Nach einem Überblick der DAHW-Expertin Dr. Christa Kasang zeigte Schulz-Asche sich tief beeindruckt von den Fortschritten und zog ein trockenes Fazit: „Dann könnte man ja mit relativ wenig viel erreichen!“ Die DAHW-Vertreter:innen stimmten zu und betonten, dass mit sinnvoll eingesetzten Mitteln auch entscheidende Schritte gegangen werden – Stichwort: Zero Leprosy (siehe auch S. 4). Denn in Pakistan, Togo und weiteren Ländern steht die Lepra kurz vor der Eliminierung. „Was es jetzt braucht“, so fasste es Dr. Kasang zusammen: „Aufmerksamkeit, Geld und eine konzentrierte Anstrengung.“ Beide Politikerinnen machten im angeregten und fachlich anspruchsvollen Gespräch ihr Interesse sehr deutlich und zeigten sich dankbar für die Arbeit der DAHW weltweit.

Trafen sich in Würzburg: v.l. Dr. Christa Kasang, MdL Kerstin Celina, Patrick Georg, MdB Kordula Schulz-Asche und DAHW-Mitglied Prof. Alexander Schraml
Lepra spielend leicht verstehen

Ein Interesse für globale Zusammenhänge und weltweite Solidarität schon bei den Kleinsten wecken – darum bemühen wir uns alljährlich auf dem Internationalen Kinderfest von und mit der DAHW in der Würzburger Innenstadt. Auch 2024 war das Fest trotz wechselhaften Wetters gut besucht und die bunten und vielfältigen Angebote begeisterten Kinder, Jugendliche und ihre Familien.

Am DAHW-Stadt informierten wir über die Zero Leprosy-Strategie in Pakistan, klärten spielerisch über Lepra auf und luden die Kinder ein: Geht mit uns einen Schritt auf der Letzten Meile – auf dem Weg, Lepra endlich zu eliminieren. Auch die auf dem Fest gesammelten Spenden gingen nach Pakistan.

Mut machen und dranbleiben

An ein erwachsenes Publikum richtet sich dagegen die Veranstaltungsreihe „Nahaufnahme“, die Fachgespräch und persönliche Begegnung miteinander vereint.

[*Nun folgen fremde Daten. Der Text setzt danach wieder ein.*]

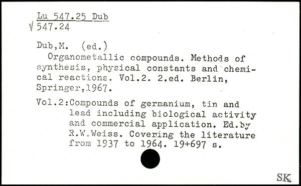 Organometallie compounds. Methods of synthesis, physical constants and chemical reactions.

So kam im Sommer die Bundestagsabgeordnete und Staatssekretärin im BMZ, Dr. Bärbel Kofler nach Würzburg. Nach einem Impuls durch einen Fachvortrag des DAHW-Experten Thomas Collein stellte sich das Podium der Frage: „Was bedeutet effektive nachhaltige Entwicklungszusammenarbeit?“

Engagiert beteiligte sich die SPD-Politikerin Kofler an der Debatte – und sie hielt fest: „Mir macht es Mut, dass es viele Initiativen gibt, lokal, national und global, die Dinge anpacken und effektiv und effizient angehen, entgegen vieler negativer Trends und kritischer Betrachtung.“

Ein Filmabend mit Wirkung

Inspiriert und voller Optimismus zeigten sich auch viele Gäste der November-„Nahaufnahme“ im Würzburger Programmkino „Central“. Hier stellte der US-Regisseur James Higginson seinen aktuellen Dokumentarfilm vor: „SHUDDHI“ zeigt den Alltag der letzten verbliebenen Bewohner:innen eines Lepra-Ashrams in Indien.

Der berührende Film sorgte im Anschluss für viele Fragen im gut gefüllten Kinosaal, die Regisseur Higginson und DAHW-Experte Anil Fastenau ausführlich beantworten konnten. Die klugen und nachdenklichen Fragen des Publikums und die angeregten Gespräche, die bei indischen Snacks und Getränken noch lange im Foyer geführt werden, zeigen: Der Film kam an – und es gibt ein großes Interesse an der Arbeit der DAHW.